Hot R&B/Hip-Hop Songs is a chart published by Billboard that ranks the top-performing songs in the United States in African-American-oriented musical genres; the chart has undergone various name changes since its launch in 1942 to reflect the evolution of such genres.  In 1969, it was published under the title Hot Rhythm & Blues Singles through the issue of Billboard dated August 16 and Best Selling Soul Singles thereafter.  During that year, 17 different singles topped the chart, based on playlists submitted by radio stations and surveys of retail sales outlets.

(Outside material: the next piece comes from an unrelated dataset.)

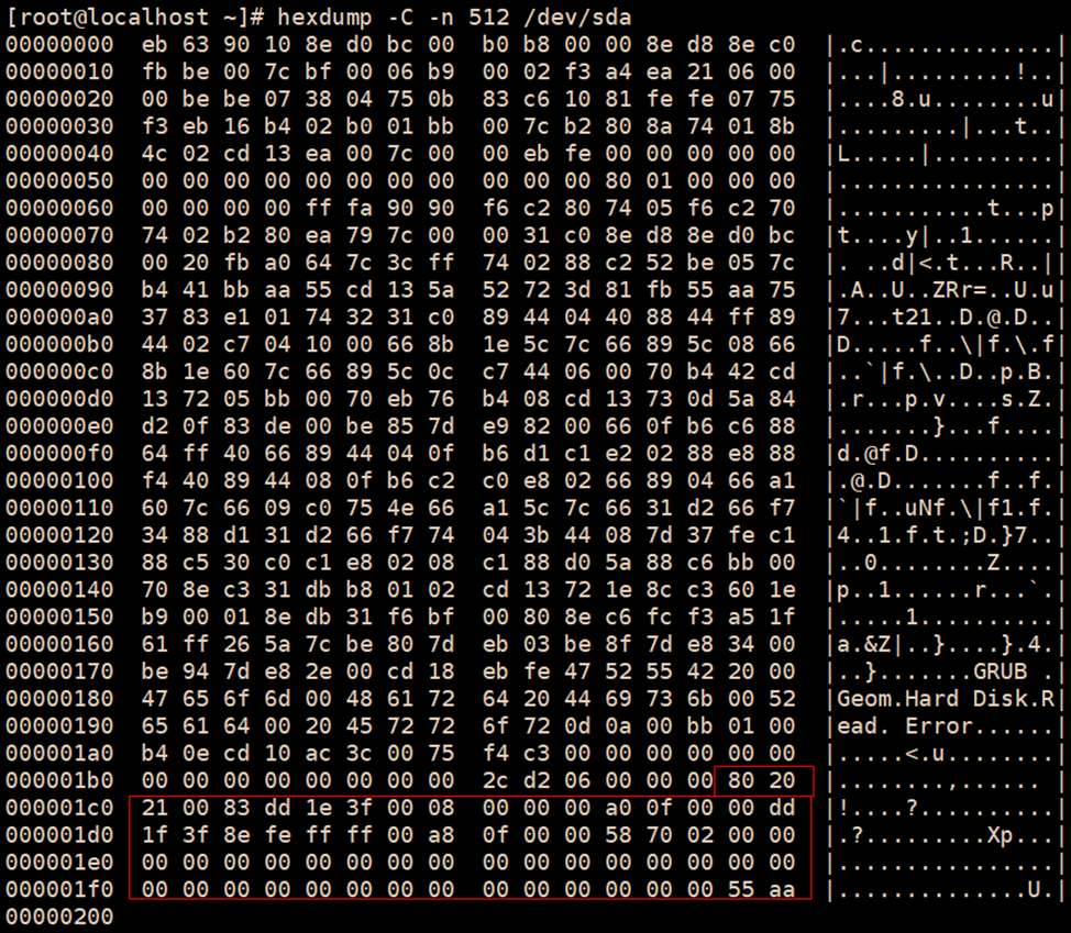 hexdump -C -n 512 /dev/sda

In the issue of Billboard dated January 4, Marvin Gaye was at number one with "I Heard It Through the Grapevine", the song's fourth week in the top spot.  Gaye returned to number one in June with "Too Busy Thinking About My Baby" and was one of three acts to have two number ones in 1969 along with James Brown and the Temptations.  Gaye's cumulative total of ten weeks in the top spot was the most achieved by any artist and the six weeks which "Too Busy Thinking About My Baby" spent atop the chart was the year's longest unbroken run at number one.  The chart-topping singles of Brown and the Temptations showcased new developments in black music, as Brown's tracks centred on the funk style, which had been developing since the mid-1960s as a harder-edged alternative to soul music and would continue to grow in popularity in the 1970s, and the Temptations brought new elements to their style leading to their identification with the psychedelic soul sub-genre.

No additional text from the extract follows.